Update: Minister for Transport Shane Ross met with Eamon Rothwell, the chief executive of Irish Ferries’ parent company, Irish Continental Group to express the Government’s concern about proposals to shut down the ferry company’s Rosslare-Cherbourg route.
“It is a completely commercial decision, we can’t tell him that he can’t do it,” Mr Ross told RTE’s News at One.
Mr Ross said that the decision had come as a complete surprise to him and that he will make every effort to ensure that Rosslare is not negatively impacted.
He said his discussion with Mr Rothwell had been frank, but off the record.
The decision to relocate the Cherbourg route from Dublin port would mean more business for the company, he said. But he acknowledged that it would put more pressure on routes around Dublin.
He was asked if he knew if Dublin Port had offered a better deal to Irish Ferries, but he said he had “no idea.”
“I’m worried that Rosslare should not be disadvantaged. The port should be helped to do better rather than have everything focused on Dublin.
“Strictly speaking I’m hoping the connection will stay the same.
Minister of State at the Department of Defence, Wexford TD Paul Kehoe also admitted that he “did not see this coming.”
As a member of the Government, he said he was very disappointed at the manner in which Irish Ferries had communicated this message. “It was very vague.”

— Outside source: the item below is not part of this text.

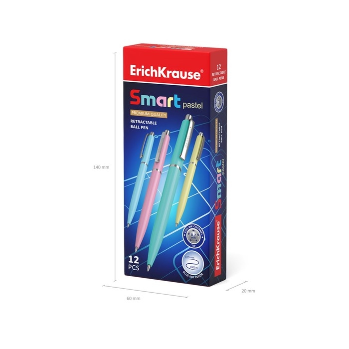 Ручка шариковая автоматическая, ErichKrause, Smart Matic Pastel узел 0.7 мм, цвет чернил синий,МИКС
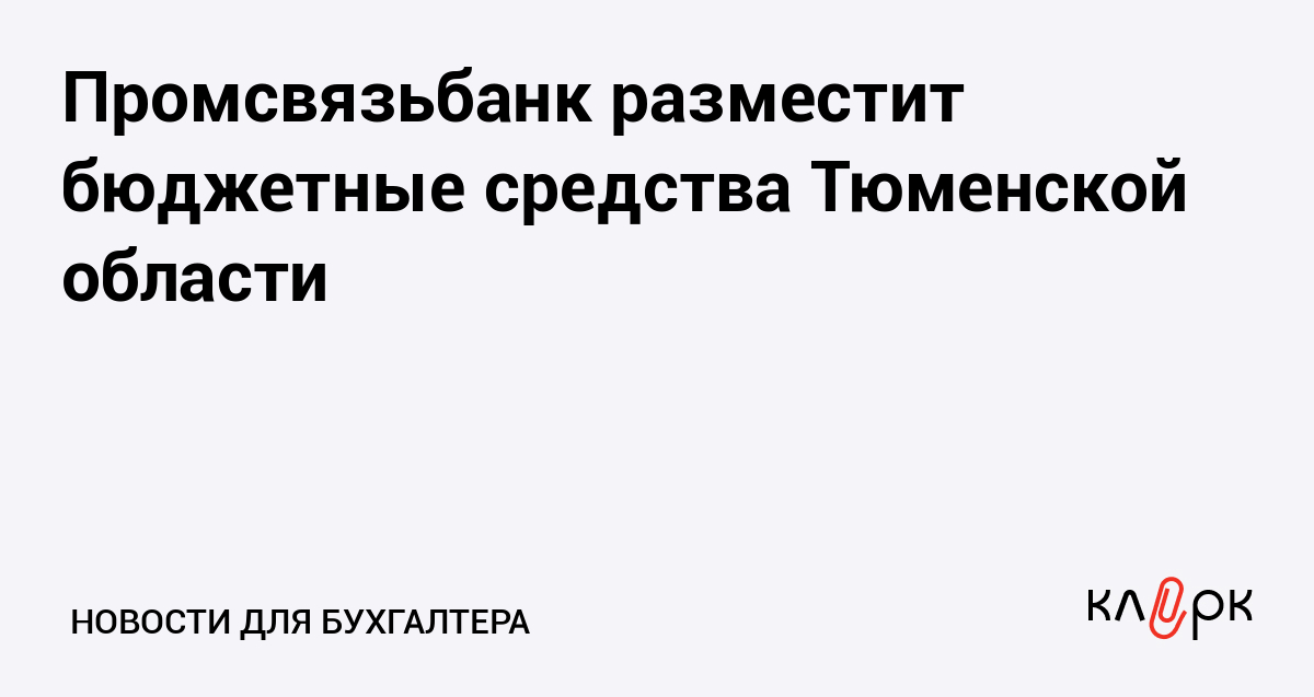 Промсвязьбанк стал победителем открытого конкурса на размещение средств бюджета Тюменской области. Помимо Промсвязьбанка победителями конкурса на размещение бюджетных средств также стали Сбербанк России, Газпромбанк, Ханты-Мансийский банк, Альфа-Банк, ВТБ, Уралсиб.

Some parts of the argument that they had made about customers preferring to use Dublin “just don’t stack up” he said. “I’m a user of the service, I have been for three years and all the customers I spoke to all prefer using Rosslare because of its accessibility.” It will be even more accessible when the by-passes are finished, he added.
“This came out of the blue. For anyone to say that the Government had any prior notice is farcical. They are a commercial company, they can do what they like.”
SIPTU organiser, Paul Cullen, said: “This decision is deeply concerning and disappointing for our members employed in the Rosslare Europort and the surrounding region.
"This has resulted in a failure to complete infrastructural improvements in the port area, such as a new access road.”
He added: “The decision to end the Rosslare to France route is a commercial one by Irish Ferries. However, it is the responsibility of the Government to work to ensure that there is a future for the Rosslare Europort and the economy of the surrounding area.”
The Government has asked Irish Ferries to reconsider scrapping a ferry service to France.
The company said yesterday it is "unlikely" a service will run between Rosslare and France next year.
The Taoiseach Leo Varadkar has said it is a disappointing decision and he hopes it will be reconsidered.
Leo Varadkar says government is asking Irish Ferries to reconsider this and are disappointed at the decision https://t.co/aog7ZI49uG— Seán Defoe (@SeanDefoe) December 19, 2018
Department of Transport officials intend to meet with Irish Ferries to discuss it.
The Irish Road Haulage Association has said that the “vague statement” that Irish Ferries is “unlikely” to operate a service between Rosslare and France next summer, means “they are open to negotiation”.
Verona Murphy of the Irish Road Haulage Association pointed out to the Sean O'Rourke show on RTE Radio One that each ferry carries 1,200 cars and 165 trucks “all of which are going to now be on the M50 which already has huge congestion.”
Ms Murphy called on the Minister for Transport Shane Ross to “let the country know he’s alive and well and to intervene.”
Local TD and former Minister for Public Expenditure Brendan Howlin said there had been rumours in the area for some time about Irish Ferries’ commitment to the route.
“It’s unthinkable that it could happen, that the shortest route would be axed is beyond understanding.
“It beggars belief.”
Ms Murphy also questioned a suggestion by Irish Ferries that customers were not interested in the route. “Look at the response on social media. I’ve been a customer of Irish Ferries for more than 30 years, no one asked me.
Department of Transport officials are to meet with Irish Ferries over plans to scrap a ferry service in the south-east.
The plans are being described as a "big blow".
The company said it is "unlikely" to operate the service next year but will keep the situation under review.
In a statement yesterday, they said: "Irish Ferries wish to inform our customers that we're unlikely to operate a service between Rosslare & France in 2019. We continue to keep this situation under review"
"Feedback from our customers suggests that it is easier to travel to Dublin Port for most people than it is to get to Rosslare."
The Junior Tourism Minister Brendan Griffin said the service is important for the South East region.
He said the ferry crossing mainly facilitates Irish tourists holidaying in France, but it also brings French and other European tourists to the region.
Sinn Féin TD David Cullinane said it is devastating news for the south-east, especially given the uncertainty around Brexit:
Mr Cullinane said: "Obviously at a time when people were hoping for an increased capacity to ensure that we protect the south-east from the worst of Brexit, and bear in mind also that the south-east has a big agri-food sector as well.
"I think this will be a huge concern for farmers, for food producers, for the agri-food sector, obviously for passengers as well and for businesses generally."
The company will continue to run a passenger service between Rosslare and Pembroke year round.